Chris Fleming hosts the latest edition of Health Wonk Review, a compendium of recent posts on health care blogs.
On Managed Care Matters, Joe Paduda offers 5 predictions for health care in 2013. He’s convinced that all but a handful of states will expand Medicaid. (“The pressure from hospitals and providers will be overwhelming.”) He also predicts that “The feds and CMS will get even more aggressive on Medicare and Medicaid fraud.” (For what it’s worth, I think he’s right on both counts.)
Food for Thought
Some posts are likely to stir controversy, either because they’re rebutting the conventional wisdom, or because they’re questioning some deeply held beliefs. I think these posts are important because they define issues that we should all think about.
Over at Colorado Health Insurance Insider, Louise Norris examines the question of whether smokers should pay more for their health insurance. Under the ACA, smokers can be charged up to 50 percent more than nonsmokers. . . .
“Norris prefers the carrot over the stick,” Fleming observes, “endorsing the requirement that all plans cover tobacco cessation programs as part of the ACA’s preventive services mandate, although she cites evidence showing that implementation of this requirement has been inconsistent. “ (It’s worth noting that tobacco cessation programs work. “Sticks,” behavioral psychologists tell us, just aren’t nearly as effective.)
The Hospitalist Leader’s Brad Flansbaum suggests that our emphasis on getting everyone vaccinated during a severe influenza (and claims about Tamiflu) may well amount to “oversell.” Eye-opening.
At the Innovative Health Media Blog David Wilson writes: “The Medicare Annual Wellness Visit (AWV) is the perfect vehicle to address the increasing need for early detection of cognitive impairment. The AWV” gives physicians the opportunity “to provide such a screening and receive reimbursement for it .
“Once a patient shows the need for additional testing physicians can use self-administered computerized tests to perform the additional screening without referring the patients to another doctor or office,” he adds. ” This also creates additional reimbursement for physicians.”
MM–I can’t help but ask: “Since we have no cure or effective treatments for Alzheimer’s (or most forms of senile dementia) do you really want to know that, in three or four years, you may be diagnosed with full-blown Alzheimer’s?”
Certainly, seniors who want this testing should have access to it. Perhaps, one day, accumulated data will help researchers understand the disease. But Medicare patients should know that they can say “No” There is no requirement that this be part of your Annual Wellness visit.

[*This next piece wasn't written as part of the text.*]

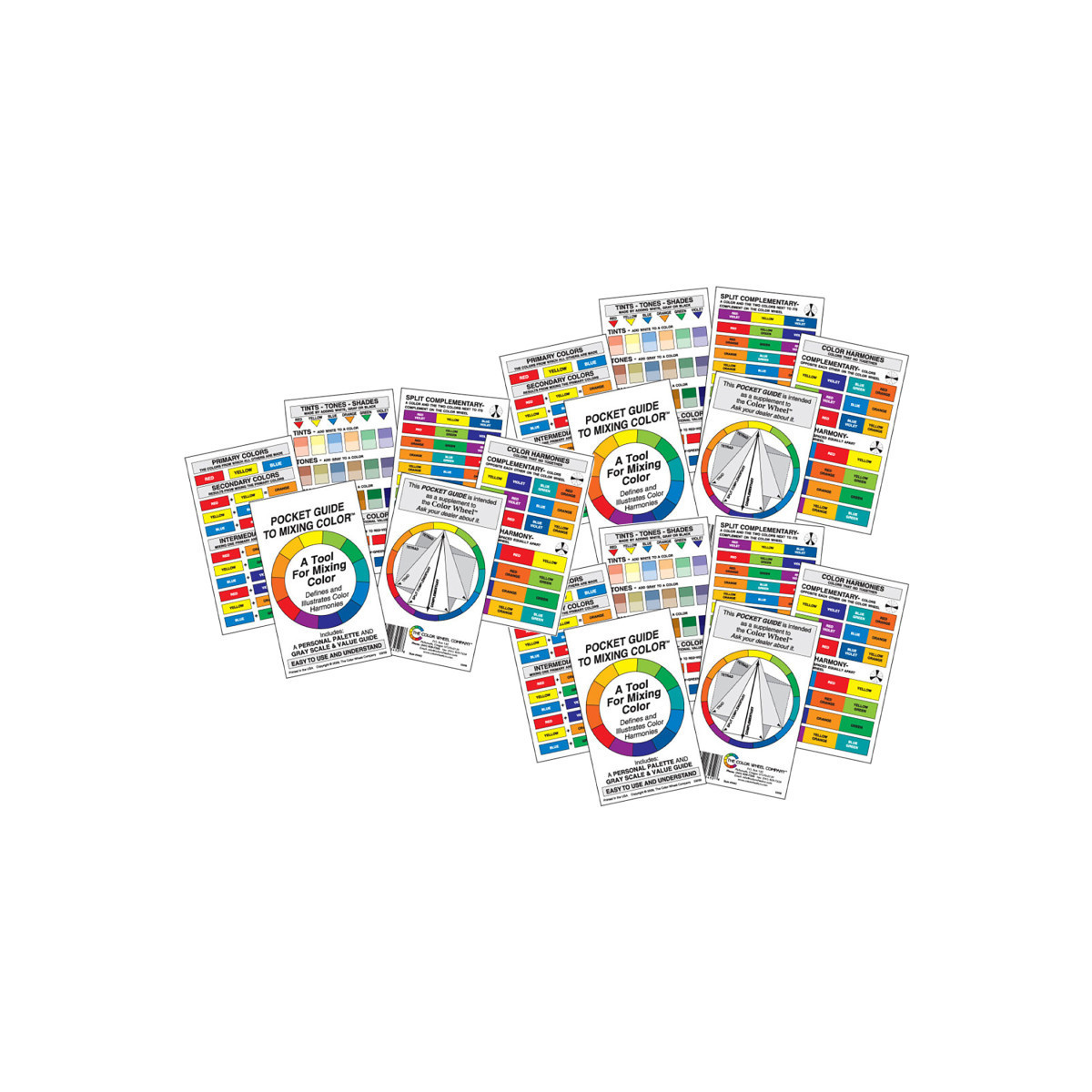 Master color relationships anywhere with the Artist’s Color Wheel Pocket Mixing Guide. Compact yet comprehensive, this portable reference tool helps artists, students, and designers understand how colors interact. It illustrates primary, secondary, and tertiary hues along with complementary, split-complementary, and analogous relationships for precise mixing and harmonious compositions. The double-sided design includes a grayscale value finder and tints, tones, and shades for improved color balance. A folding version of our popular Color Wheel. it is durable and easy to use, and fits conveniently into sketchbooks, supply kits, or travel bags—perfect for plein air painting or classroom instruction. A reliable, educational tool for achieving accurate color combinations in painting, drawing, or digital design work. Sold as a pack of 3.

On the Health Business Blog, another David Wilson has published a post that is likely to be even more controversial. He argues that “The Nursing Shortage is a Myth.”
We have plenty of nurses, Wilson suggests. In fact, in the future, he writes, “robots will be replacing nurses “just as robots have replaced “paralegals” and “actuaries.” (“Insurance companies used to hire tons of them, but their work can be done much more efficiently with computers.”)
Over at Wright on Health, Brad Wright takes a look at the recent Institute of Medicine report comparing health in the U.S. to health in other wealthy nations. He notes that data on preventable deaths among young people points to the importance of public health interventions, including reducing access to guns.